_WORK REQUIRED_
With pictures left out, extract every line between the start of the records below and the line holding "Wenn beim Grillen", inclusive.

_SUPPLIED RECORDS_
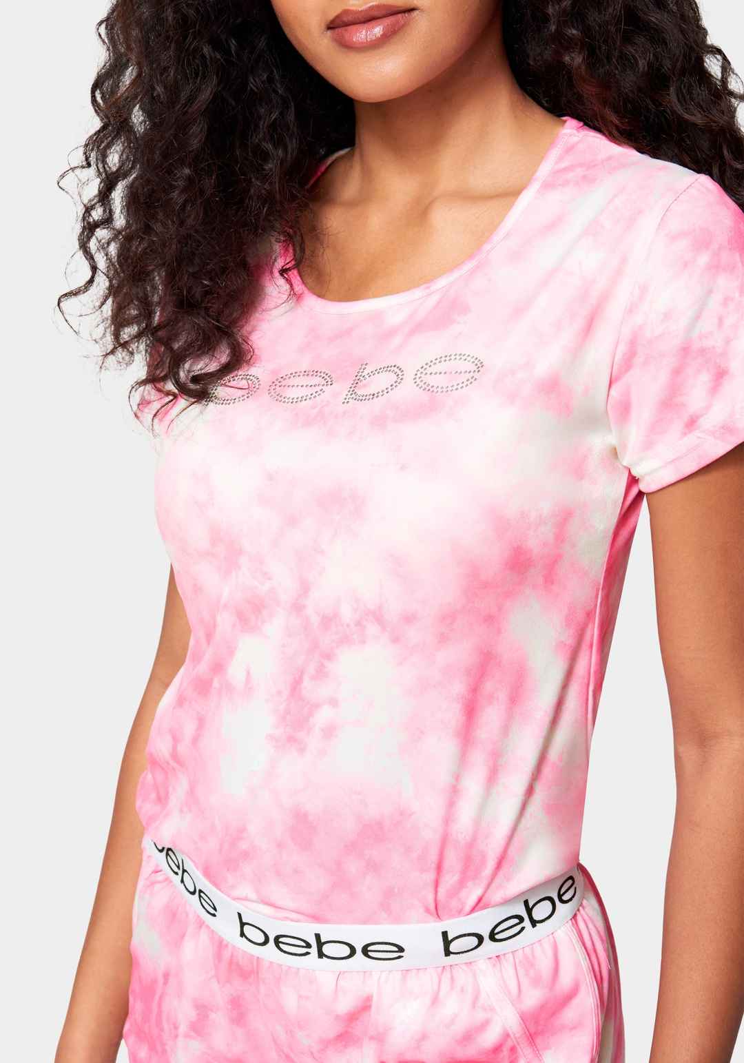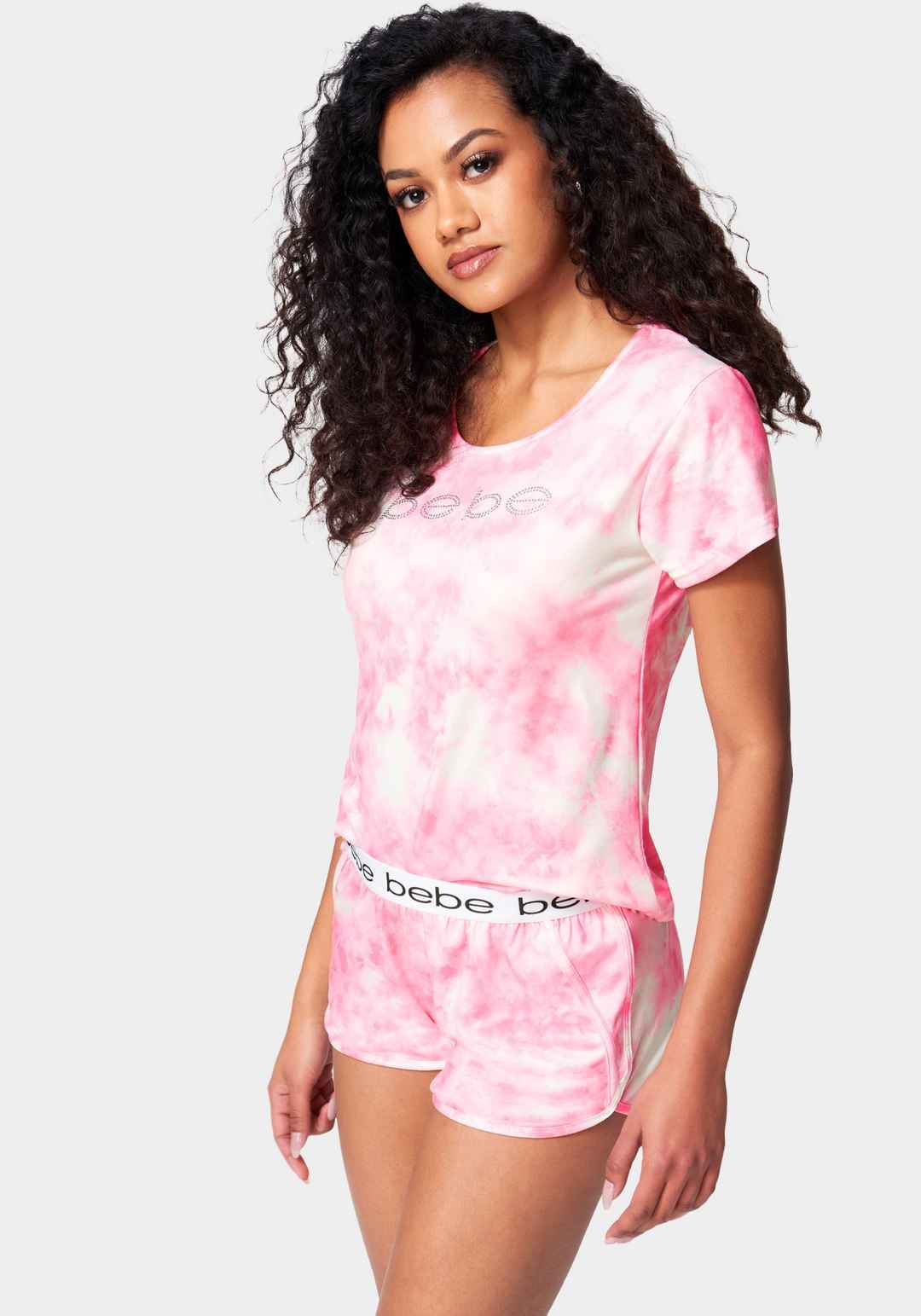 Sleep in style and comfort in the Bebe Printed Short Set. Features a scoop neck top with matching shorts, adorned with our signature Bebe logo in crystal embellishments. 95% Polyester, 5% Spandex Hand wash cold Imported | Women's Bebe Printed Short Set, Size Large in Light Pink Spandex
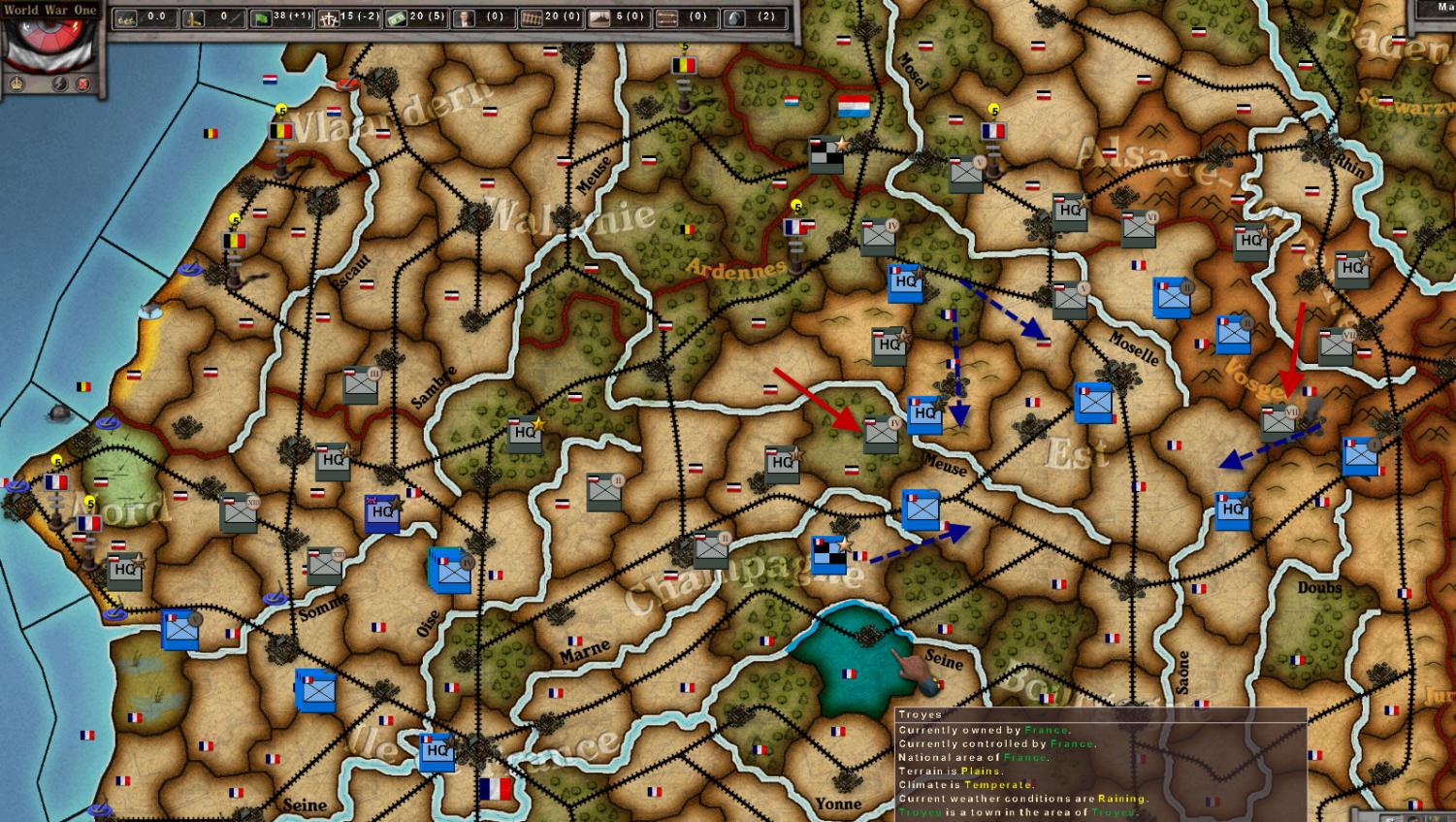 GE IV attempts to send one corps into Belgium to convert the rail line, but the FR IV Army intercepts and beats them back in two ugly rounds for the Germans.
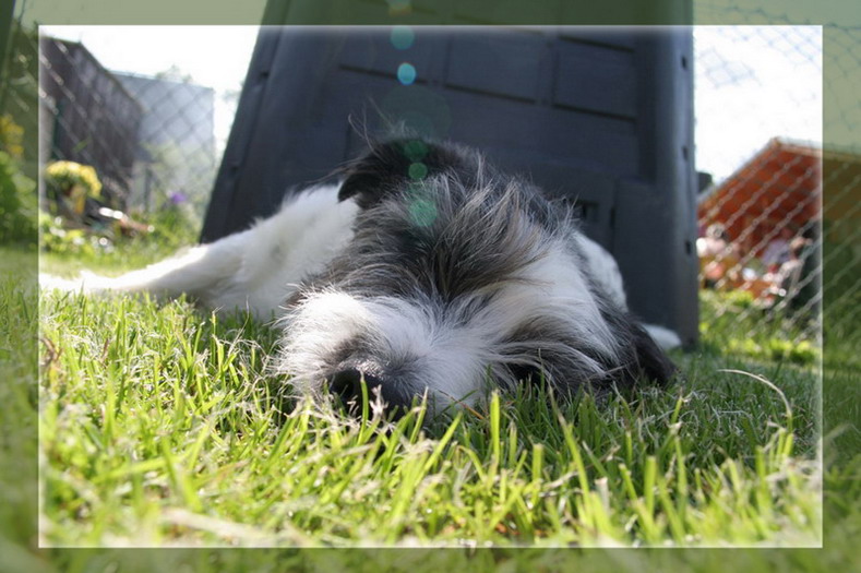 Wenn beim Grillen alle aufgegessen haben, kann er sich auch in den Schatten legen und die Augen zu machen
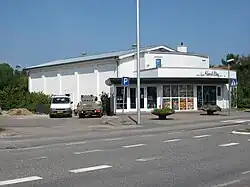 The shopping mall Humlebæk Center opened just west of the station in 1977. There are also shops on Strandvejen a little east of the station. The multinational health care company Coloplast has its headquarters in west Humlebæk. Many small companies are located in the nearby industrial quarter on Bakkegårdsvej.
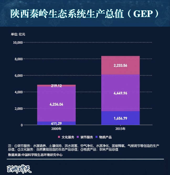 从2000年到2015年,按可比价计算,秦岭的GEP增加了3473.86亿元,增幅为71.4%。这其中最为突出的是文化服务,增加了整整9倍。
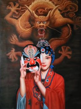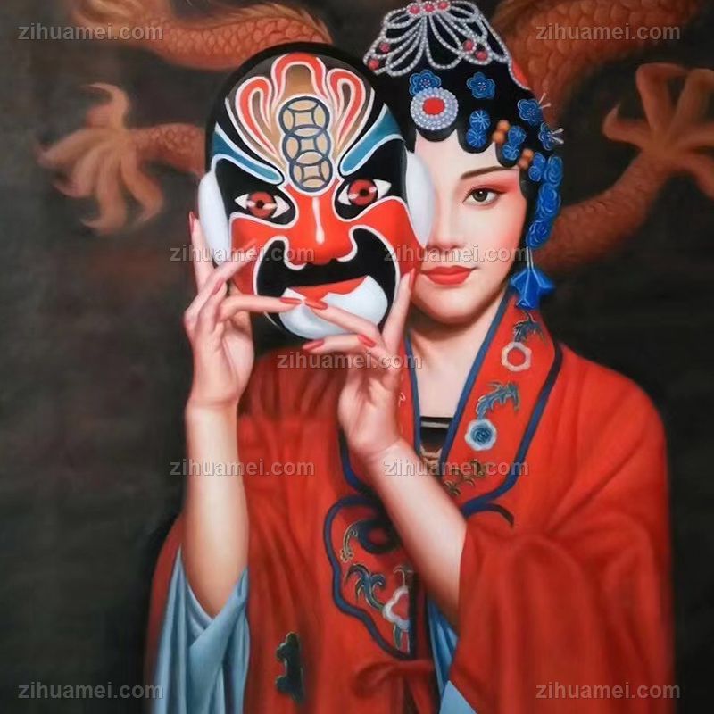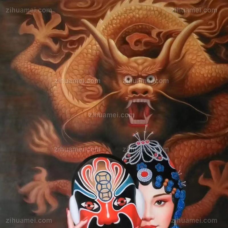 • 龙图腾国粹京剧人物精品人物写实油画脸谱油画纯手绘油画客厅油画
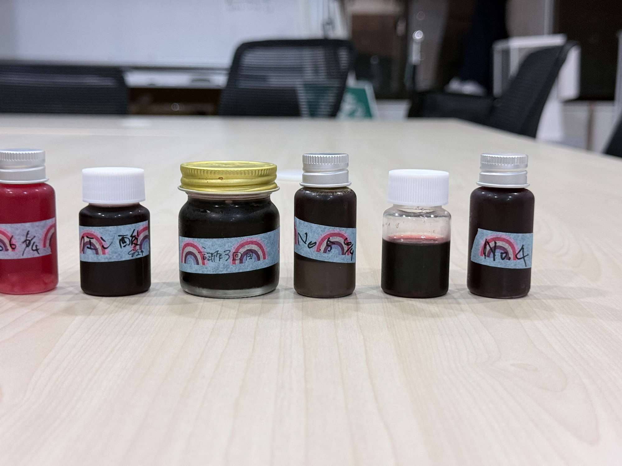 2025年9月、彼らが事務所に持参した最初の試作品は、ブランデーの残液を利用したものでした。9本の試作をそれぞれ試し書きしました。
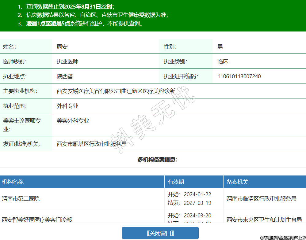 姓名:周安性別:男醫(yī)師級別:執(zhí)業(yè)醫(yī)師執(zhí)業(yè)類別:臨床執(zhí)業(yè)地點:陜西省執(zhí)業(yè)證書編碼:110610113007240主要執(zhí)業(yè)機構(gòu):西安安媛醫(yī)療美容有限公司曲江新區(qū)醫(yī)療美容診所執(zhí)業(yè)范圍:外科專業(yè)美容主診醫(yī)師專業(yè):美容外科專業(yè)發(fā)證(批準(zhǔn))機關(guān):西安市雁塔區(qū)行政審批服務(wù)局多機構(gòu)備案信息:機構(gòu)名稱 有效期 備案機關(guān) 渭南市第二醫(yī)院 開始:2024-01-22結(jié)束:2027-03-19渭南市臨渭區(qū)行政審批服務(wù)局 西安智美好醫(yī)醫(yī)療美容門診部 開始:2024-03-20結(jié)束:2026-03-19西安市未央?yún)^(qū)衛(wèi)生和計劃生育局 西安星容妍醫(yī)療科技有限責(zé)任公司曲江新區(qū)醫(yī)療美容診所 開始:2024-11-21結(jié)束:2025-11-20西安市雁塔區(qū)行政審批服務(wù)局 -
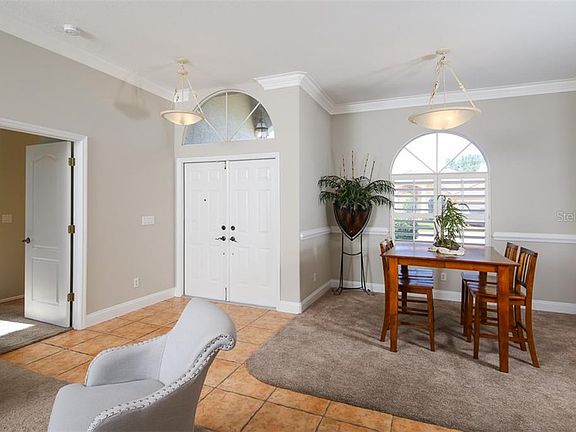 Outstanding home at an incredible price. Move-in ready with tons of upgrades: new cabinet doors, new interior paint, crown molding throughout, over sized baseboards throughout, recessed lights on dimmers throughout, gorgeous light fixtures, plantation shutters, wired for surround sound, nearly new carpet, side by side refrigerator, tile back-splash, extended screened lanai, fenced backyard, and more. Open split floor plan with high 10" ceilings! All this in the highly desirable Trails community: great location, community pool just 2 blocks away, tennis and more. Hands down the best home and deal in the area.
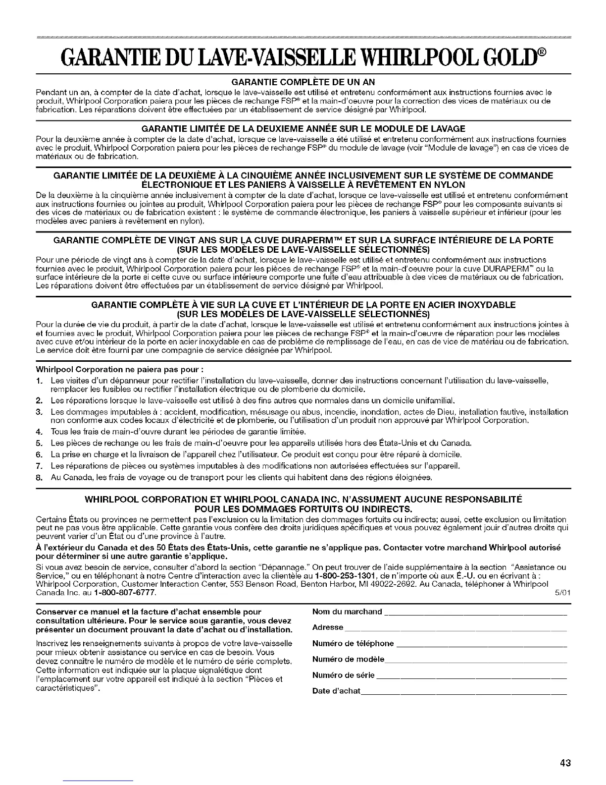 et fournies avec le produit, Whirlpool Corporation paiera pour les pieces de rechange FSP + et la main-d'oeuvre de r6paration pour les modeles
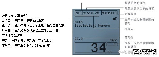 瑞士5S钢筋扫描仪 1、 检测钢筋条的位置和方向 2、 检测混凝土保护层厚度 3、 检测确定钢筋直径 1、 外形紧凑且使用方便的主机,带背光 2、 可进行快速数据传输和编辑的 ProVista PC 软件 3、 能够以公制或英制单位进行操作 4、 采用无损脉冲感应方法
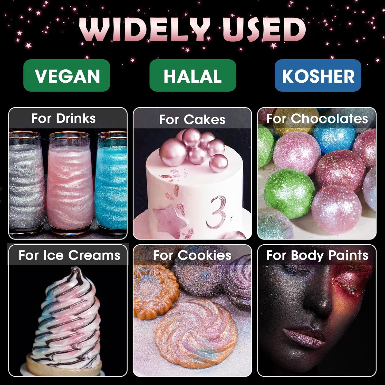 - 🌟【Vegan & Allergen-Free】Food-grade glitter uses only the highest quality vegan ingredients and does not contain common food allergens, including gluten, nuts or dairy products, so everyone can use and enjoy this product regardless of diet or food allergies. Unlike food contact glitter, these are 100% edible, so you don't need to worry about using them in your creations to make them sparkle for all.
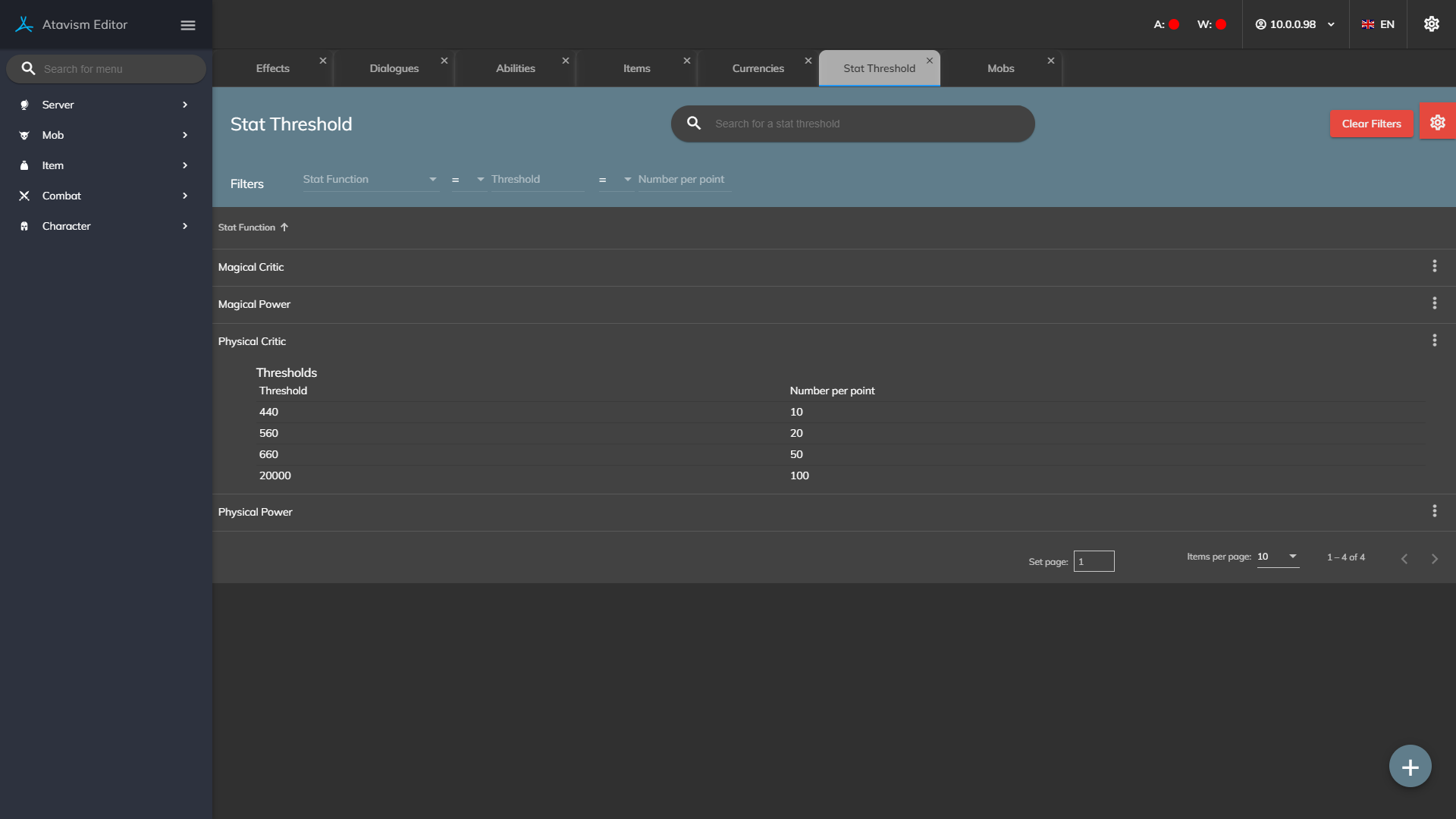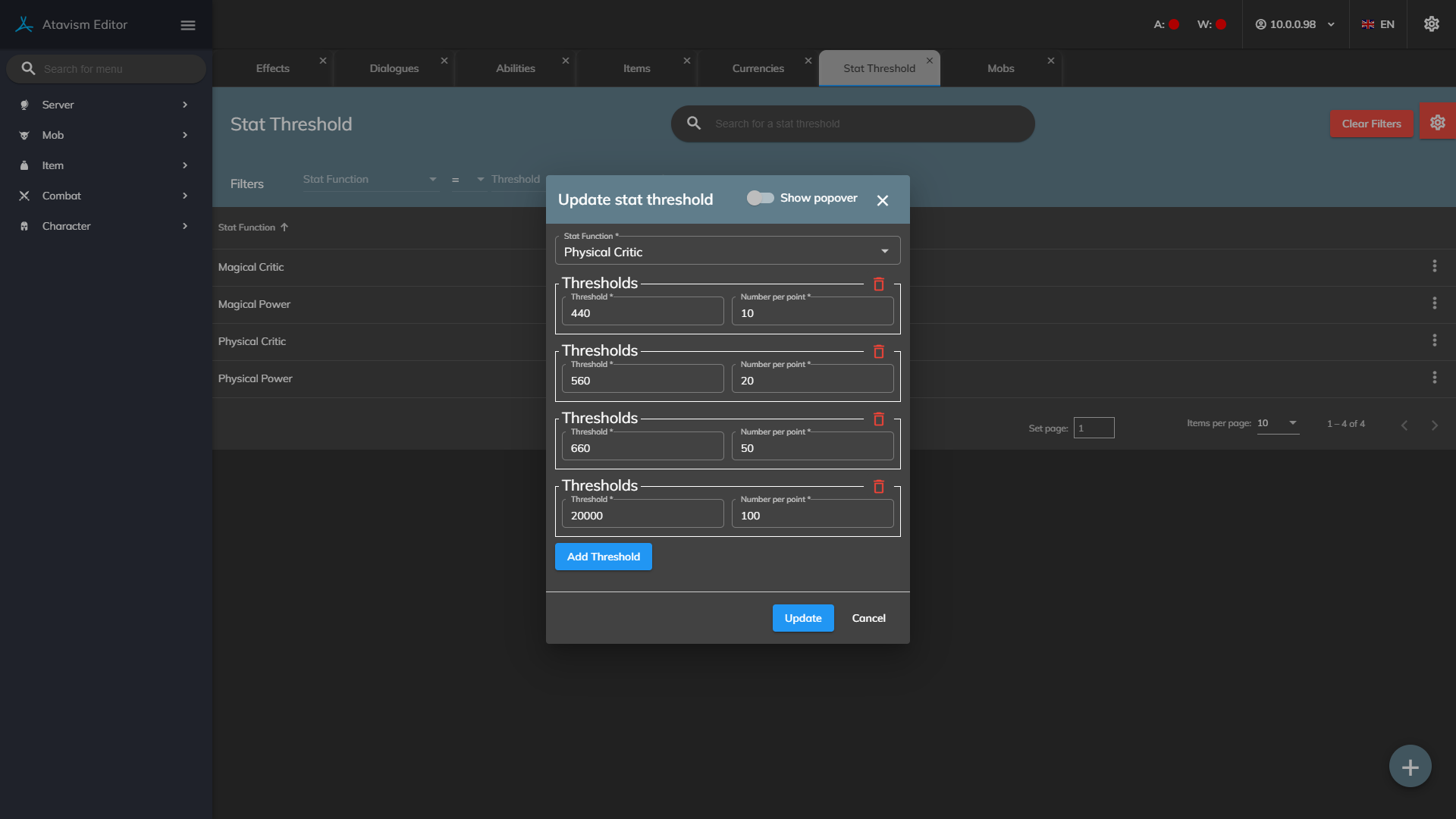 Stat Thresholds lets you define non-linear relation between the number of stat points and percent, for example, you won’t want to have a critical rate to reach 100%, then you can define that every 1 point of a stat defined as Physical Crit or Magical Crit stat function will give your players 1% of the critical chance, but up to 10 points, so if the player will have 10 pints, then he will get 10% in total. Then you may want to have 2 points per 1 percent up to 30 points in total, so if the player will have 30 critical points then he will reach 20% critical rate (10 points to get 10%, then 20 points to get another 10%),.Then you may want to define 5 points per 1% up to 80 points, so 10 points to get 10%, then 20 points to get another 10%, and then 50 points to get another 10%, 80 points to have 30% critical chance. You can define as many thresholds as you want. In games players used to call this type of cap as a soft cap, which means that up to some certain level it’s profitable enough to put points and increase that stat, but after it’s better to put stats into something else.

_COMPLETED TASK_
 Sleep in style and comfort in the Bebe Printed Short Set. Features a scoop neck top with matching shorts, adorned with our signature Bebe logo in crystal embellishments. 95% Polyester, 5% Spandex Hand wash cold Imported | Women's Bebe Printed Short Set, Size Large in Light Pink Spandex
 GE IV attempts to send one corps into Belgium to convert the rail line, but the FR IV Army intercepts and beats them back in two ugly rounds for the Germans.
 Wenn beim Grillen alle aufgegessen haben, kann er sich auch in den Schatten legen und die Augen zu machen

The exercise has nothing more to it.